WHAT YOU NEED TO DO:
Print nothing but the lines below starting at the line that holds "먼저 오뎅을 먹고 떡볶이랑" and ending at the line that holds "AITA for my boyfriend about his job", including both, each exactly as written.

RECORDS TO PROCESS:
Start of Block

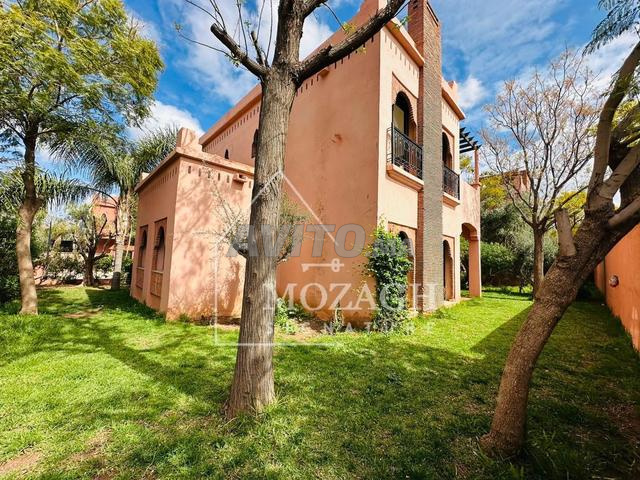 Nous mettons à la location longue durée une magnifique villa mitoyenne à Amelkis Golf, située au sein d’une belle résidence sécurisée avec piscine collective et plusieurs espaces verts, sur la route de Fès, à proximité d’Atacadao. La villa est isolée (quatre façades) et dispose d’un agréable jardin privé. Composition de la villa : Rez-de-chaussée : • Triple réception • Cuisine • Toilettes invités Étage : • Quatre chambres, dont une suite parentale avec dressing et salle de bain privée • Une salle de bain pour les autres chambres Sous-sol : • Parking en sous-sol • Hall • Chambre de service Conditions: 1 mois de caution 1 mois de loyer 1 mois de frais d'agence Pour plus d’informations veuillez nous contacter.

End of Block
Start of Block

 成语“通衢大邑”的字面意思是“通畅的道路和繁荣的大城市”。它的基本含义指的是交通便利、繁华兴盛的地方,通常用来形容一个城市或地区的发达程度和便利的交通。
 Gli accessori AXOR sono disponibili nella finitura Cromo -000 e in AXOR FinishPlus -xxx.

End of Block
Start of Block

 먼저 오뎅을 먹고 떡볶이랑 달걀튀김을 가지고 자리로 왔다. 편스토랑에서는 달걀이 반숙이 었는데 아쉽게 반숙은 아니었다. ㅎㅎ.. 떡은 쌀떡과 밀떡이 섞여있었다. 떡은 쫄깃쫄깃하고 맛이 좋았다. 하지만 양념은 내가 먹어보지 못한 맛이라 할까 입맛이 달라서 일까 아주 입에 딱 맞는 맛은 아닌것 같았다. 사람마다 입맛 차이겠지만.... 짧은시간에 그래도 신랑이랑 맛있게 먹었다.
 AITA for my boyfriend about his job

End of Block

ANSWER FOR THIS EXERCISE:
 먼저 오뎅을 먹고 떡볶이랑 달걀튀김을 가지고 자리로 왔다. 편스토랑에서는 달걀이 반숙이 었는데 아쉽게 반숙은 아니었다. ㅎㅎ.. 떡은 쌀떡과 밀떡이 섞여있었다. 떡은 쫄깃쫄깃하고 맛이 좋았다. 하지만 양념은 내가 먹어보지 못한 맛이라 할까 입맛이 달라서 일까 아주 입에 딱 맞는 맛은 아닌것 같았다. 사람마다 입맛 차이겠지만.... 짧은시간에 그래도 신랑이랑 맛있게 먹었다.
 AITA for my boyfriend about his job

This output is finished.